Based on the aforementioned challenges, this study proposes an integrated weed detection, localization, and laser weeding framework for sweet corn fields at the seedling stage. The purpose of this work is not limited to improving weed detection accuracy, but also extends to developing a lightweight perception module capable of supporting real-time weed localization for laser weeding. Specifically, the objectives of this study were as follows:
(1) Was to create a real-world weed image dataset for sweet corn fields at the seedling stage. Field images were collected under natural conditions and expanded through data augmentation, providing a reliable data basis for model training and evaluation.
(2) To develop a lightweight weed detection model, YOLO-GFD, for real-time weed localization in sweet corn fields.
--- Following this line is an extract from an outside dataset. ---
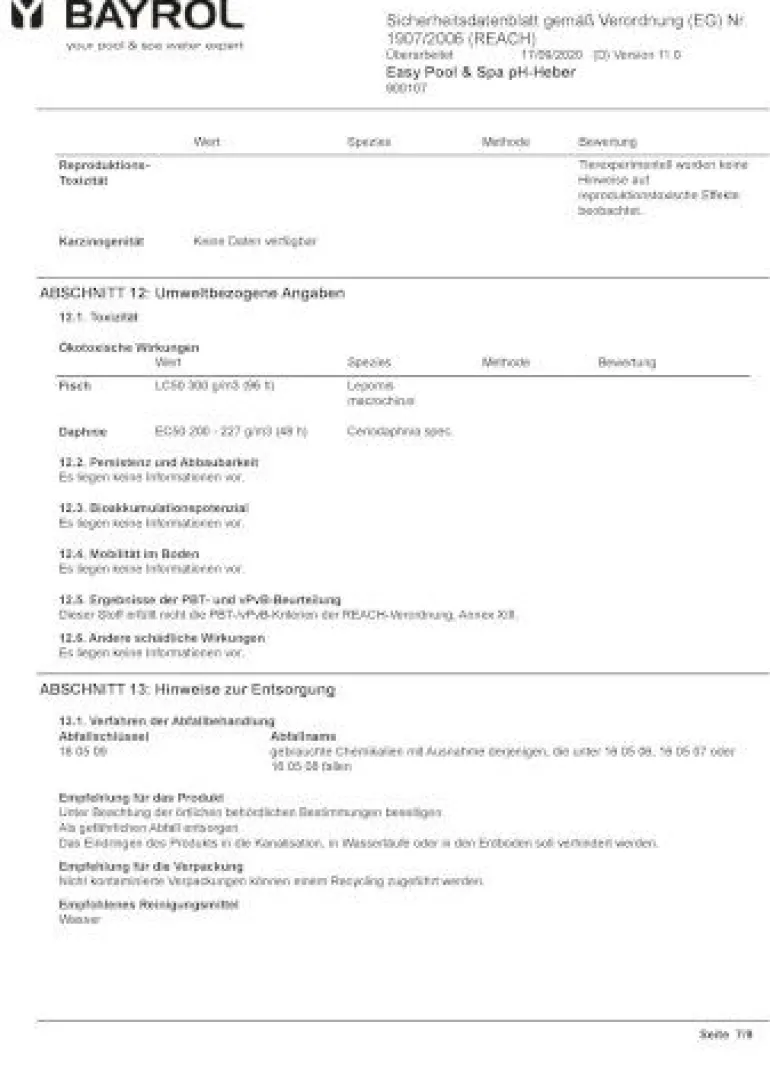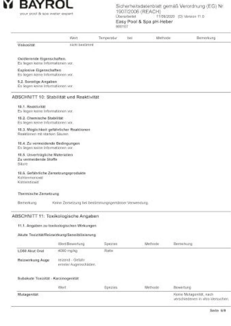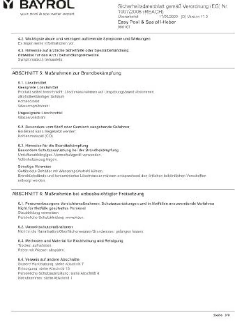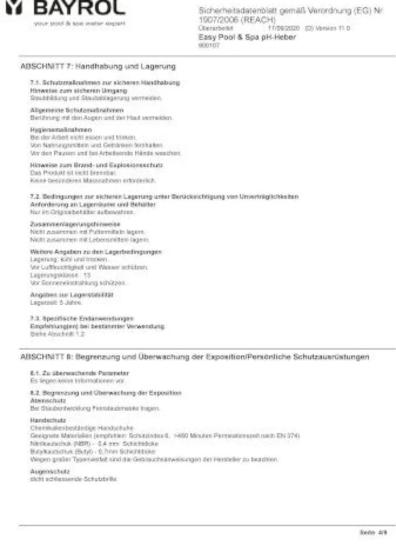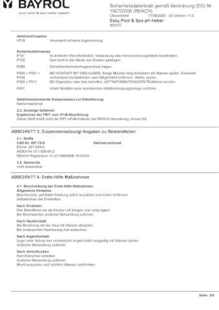 pH-Heber-Granulat ist ein konzentriertes alkalisches Pulver, es hebt den pH-Wert des Wassers und wird angewendet, wenn der pH-Wert unter 7,0 liegt. Mit Hilfe des beigefügten Messlöffels ist die Dosierung des Granulats sehr einfach. Inhaltsstoffe: Enthält Natriumcarbonat Kompatibel mit allen Desinfektionsmethoden und Filterarten Überprüfen Sie mindestens einmal wöchentlich den pH-Wert mit einem Wassertester und stellen ihn, falls erforderlich, auf den Idealbereich von 7,0 bis 7,4 ein. Dosierung gleichmäßig an mehreren Stellen bei laufender Umwälzpumpe direkt ins Wasser. Biozidprodukte vorsichtig verwenden. Vor Gebrauch stets Etikett und Produktinformationen lesen. Gefahrenhinweise: H319 Verursacht schwere Augenreizung.

In this model, a CAMB feature enhancement module was designed and embedded into the C2f-Faster structure to improve feature fusion and weed target representation under complex field backgrounds. Meanwhile, GAM-StarNet and Detect-GSC were introduced to reduce model complexity, and the original CIoU loss was replaced with WIoU to improve bounding box regression. This design enabled the model to balance detection accuracy, lightweight deployment, and real-time localization requirements for laser weeding.
(3) To conduct laser weeding experiments using near-infrared and blue light lasers under different power levels and irradiation durations. The experimental results were used to determine suitable laser operation parameters, providing technical support for subsequent weed center targeting and precision laser weeding in sweet corn fields.